Work item -> Retype all data exactly as given. Pictures should not be retyped.

Data ->

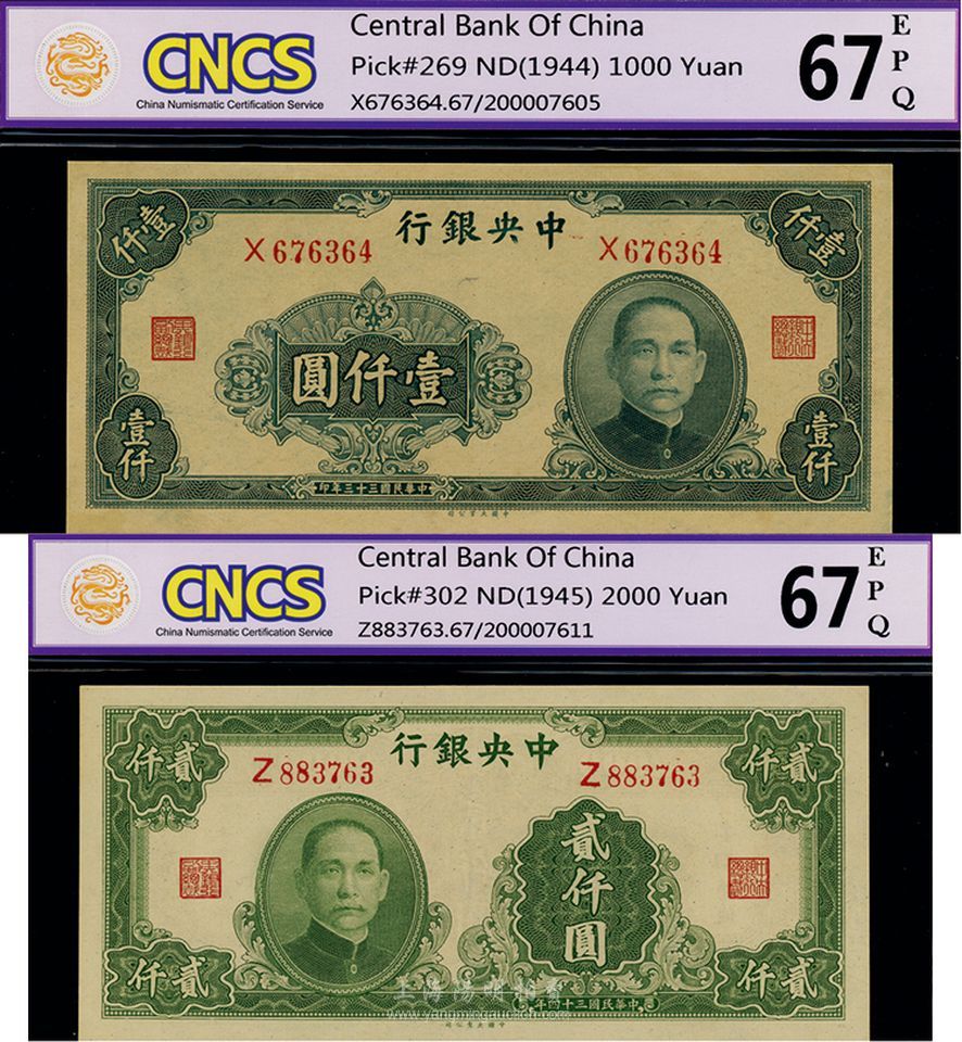 中央银行大业版1944年壹仟圆、1945年贰仟圆,均为单字轨,全新
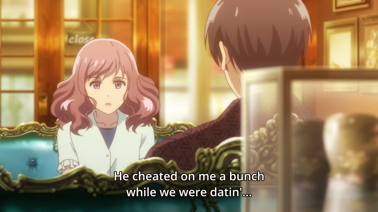 This show is obsessed with cheaters. It feels like we can’t go a single week without mentioning Aoi’s ex (ironically, her ex-best friend was supposed to keep an eye on him) or how Holmes had his girl stolen from him. I almost want to ask the writer who hurt them. Who made them this way? Anyways, Holmes’ ex is back, and it sounds like she wants to now cheat on her husband with her high school sweetheart. Izumi even claims that the guy cheated on her, but she still married him. People are funny like that. So what does she want now? A brief fling with Holmes to get back at her adulterous husband? Or to honestly rekindle old flames? If Izumi truly wanted the latter, she would’ve broken up with her husband by now. Granted, I don’t really know how divorce works in Japan. In any case, this is anime, so people can’t communicate properly. So instead of talking, they try instead to convey their feelings through art and poetry. A certain teacup supposedly tells Holmes that her love for him is still undying — something like that. In the end, however, he rejects her much to Aoi’s relief. Obviously, she’s attracted to him. It doesn’t take Sherlock Holmes to figure that out.
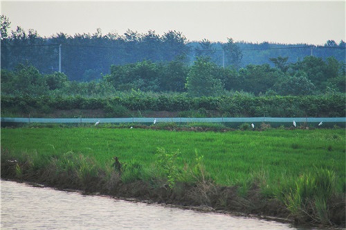 新华网南京8月27日电 碧水、蓝天、绿稻、白鹭……镜头中的“定格”,美得像幅画,是江苏省泗洪县著名的蟹园大米原产地,也是苏北粮油的一个“订单”地块。

Your solution ->
 中央银行大业版1944年壹仟圆、1945年贰仟圆,均为单字轨,全新
 This show is obsessed with cheaters. It feels like we can’t go a single week without mentioning Aoi’s ex (ironically, her ex-best friend was supposed to keep an eye on him) or how Holmes had his girl stolen from him. I almost want to ask the writer who hurt them. Who made them this way? Anyways, Holmes’ ex is back, and it sounds like she wants to now cheat on her husband with her high school sweetheart. Izumi even claims that the guy cheated on her, but she still married him. People are funny like that. So what does she want now? A brief fling with Holmes to get back at her adulterous husband? Or to honestly rekindle old flames? If Izumi truly wanted the latter, she would’ve broken up with her husband by now. Granted, I don’t really know how divorce works in Japan. In any case, this is anime, so people can’t communicate properly. So instead of talking, they try instead to convey their feelings through art and poetry. A certain teacup supposedly tells Holmes that her love for him is still undying — something like that. In the end, however, he rejects her much to Aoi’s relief. Obviously, she’s attracted to him. It doesn’t take Sherlock Holmes to figure that out.
 新华网南京8月27日电 碧水、蓝天、绿稻、白鹭……镜头中的“定格”,美得像幅画,是江苏省泗洪县著名的蟹园大米原产地,也是苏北粮油的一个“订单”地块。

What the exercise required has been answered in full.